現在、社会人はもちろん学生や主婦まで、皆携帯電話を持っている。いつでも、どこでも連絡でき、メールやメッセージも利用できる。とても便利ではあるが、携帯電話に縛られて、身の隠しようもなくなっているのである。しかしながら、電源を切ってしまう勇気もない。もはや、携帯電話のない社会など考えられなくなってしまった。
ここまで携帯電話が発達する以前はどうだったか思い出してみたい。1980年代はポケットベルが流行していた。数字で連絡先を送ったり、暗号化して利用していた。私が医師になった頃は、必ずポケットベルを持たされていたし、ゲーム感覚で楽しみながら使っていた。また、この頃ファクシミリも一般化されてきた。こちらは、PCメールがふんだんに利用できる現在でも、その存在は確固としたものになっている。
では、それ以前の連絡はどうしていたのだろう。学生時代のアパートには電話などなかった。実家にいる頃も、電話は1台しかなく、なかなか自由には使えなかった。それでも、必要に応じて友人と集合できたし、デートだってできた。そういえば、誰からの電話かを家人に知られたくないため、電話の傍に張り付いて待っていた、なんてことを思い出す。この頃は、どこで何をしていようと、傍若無人に携帯電話が鳴り響く。そんなことは以前はなかった。その代わりに、会うときの約束は絶対だった。携帯電話やメールのように簡単に約束できないのだから。現在よりゆったりと、そしてしっかりと生活できていたのではないかと思う。
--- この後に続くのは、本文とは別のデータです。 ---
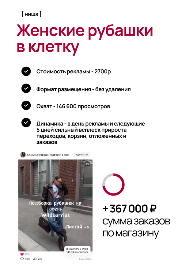 (Бывает так, что товар подходит лучше для продвижения через ВК посевы/таргет) Индивидуально рассмотрим ваш товар, и, если он подходит для внешнего трафика через блогеров на таких площадках, как: Tik Tok, YouTube, ВК, лайк, мы предложим подобный вариант продвижения

では今、携帯電話がなくなったらどうなるだろうか。バックアップは取ってあるものの、すぐには誰とも連絡できない。メールもメッセージも見られない。スケジュールも入れているのでこれもわからない。先日、携帯電話のSIMカードが壊れ、入れ替えるまで2日ほど使用できなかった。やっとカードが新しくなったとき、いきなりメールが数件、留守電は5件ぐらい入ってきた。そうかと思えば、どこに置いたかわからなくなり、タクシーに置き忘れたのかと、PCを使って探したことも2回ほどある。
昔を懐かしむのも良いが、このような状態では、どうみても自分は携帯電話に支配されているようである。